■ **GOAL OF THE EXERCISE**:
Give back, unaltered, the lines from the one with "Icon Themer would" to the end of the material, omitting pictures.

■ **SUPPLIED MATERIAL**:
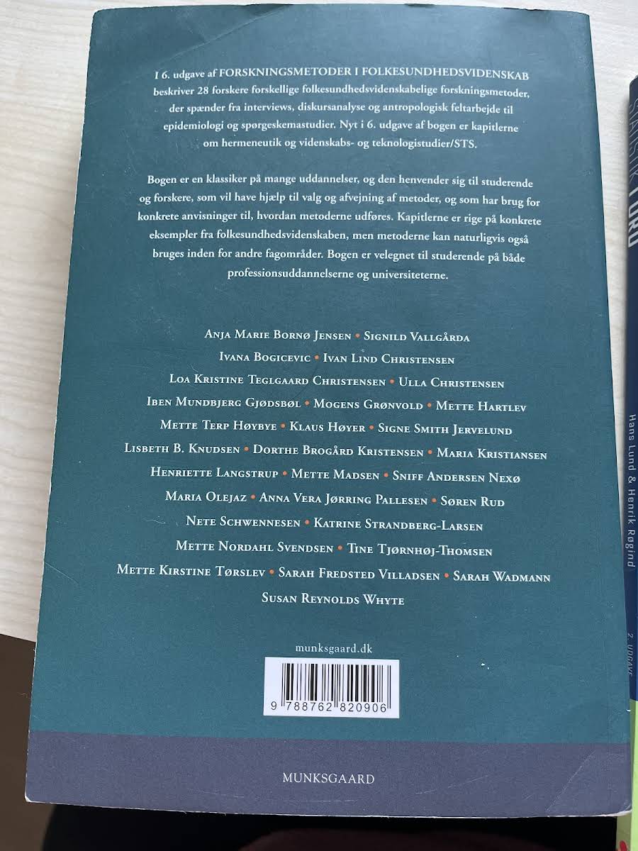 I 6. udgave af Forskningsmetoder i folkesundhedsvidenskab præsenterer 28 forskere en alsidig række af folkesundhedsvidenskabelige metoder. Metoderne spænder bredt fra interviews, diskursanalyse og antropologisk feltarbejde til epidemiologi og spørgeskemastudier. Denne udgave introducerer desuden nye kapitler med fokus på hermeneutik samt videnskabs- og teknologistudier/STS. Bogen henvender sig til både studerende og forskere, der søger vejledning i valget og anvendelsen af metoder inden for folkesundhedsvidenskaben. De konkrete eksempler, der gennemstrømmer kapitlerne, gør det nemt at omsætte teori til praksis – et værktøj, der også kan anvendes i andre fagområder. Forskningsmetoder i folkesundhedsvidenskab er en uundværlig ressource på både professionsuddannelser og universiteter.
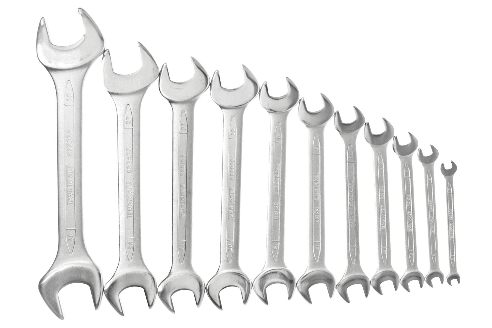 11 piece metric double open ended spanner set with different size dimensions at each end. The spanners feature polished heads and a satin finish and are supplied in a coloured display box. DIN 3110 ISO 3318.
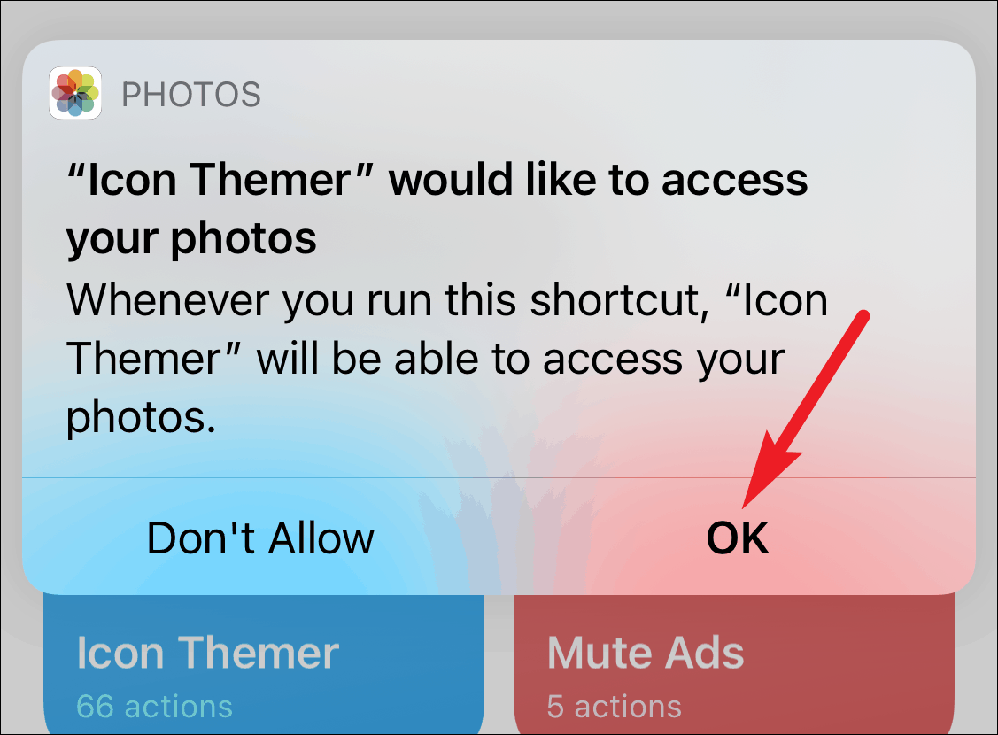 Icon Themer would then ask for access to your Photos. Tap on ‘OK’ to grant it access. Had we chosen ‘Choose from Files’, then you wouldn’t have to grant explicit access. Your Photos will open. Tap the photo you want to use as the icon to select it. Note that Icon Themer doesn’t have the option to adjust the thumbnail while selecting the icon like you can with the other trick.
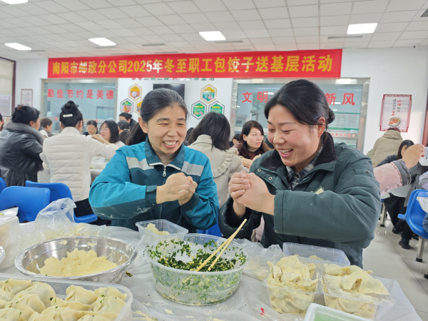 12月19日(星期五)下午3時(shí),市分公司本部及臥龍、宛城兩區(qū)的員工代表齊聚一堂、親手包制餃子,在協(xié)作互動(dòng)中體驗(yàn)傳統(tǒng)飲食文化的樂趣,分享勞動(dòng)與創(chuàng)造的喜悅。為共享節(jié)慶氛圍,市分公司還分別把餃子送往市區(qū)各基層網(wǎng)點(diǎn)和攬投部,讓奮戰(zhàn)在一線、無法親臨活動(dòng)現(xiàn)場(chǎng)的員工也能在冬至?xí)r節(jié)吃上熱氣騰騰的餃子,切實(shí)傳遞市分公司黨委和工會(huì)組織對(duì)基層職工的掛念與關(guān)愛。

■ **EXPECTED ANSWER**:
 Icon Themer would then ask for access to your Photos. Tap on ‘OK’ to grant it access. Had we chosen ‘Choose from Files’, then you wouldn’t have to grant explicit access. Your Photos will open. Tap the photo you want to use as the icon to select it. Note that Icon Themer doesn’t have the option to adjust the thumbnail while selecting the icon like you can with the other trick.
 12月19日(星期五)下午3時(shí),市分公司本部及臥龍、宛城兩區(qū)的員工代表齊聚一堂、親手包制餃子,在協(xié)作互動(dòng)中體驗(yàn)傳統(tǒng)飲食文化的樂趣,分享勞動(dòng)與創(chuàng)造的喜悅。為共享節(jié)慶氛圍,市分公司還分別把餃子送往市區(qū)各基層網(wǎng)點(diǎn)和攬投部,讓奮戰(zhàn)在一線、無法親臨活動(dòng)現(xiàn)場(chǎng)的員工也能在冬至?xí)r節(jié)吃上熱氣騰騰的餃子,切實(shí)傳遞市分公司黨委和工會(huì)組織對(duì)基層職工的掛念與關(guān)愛。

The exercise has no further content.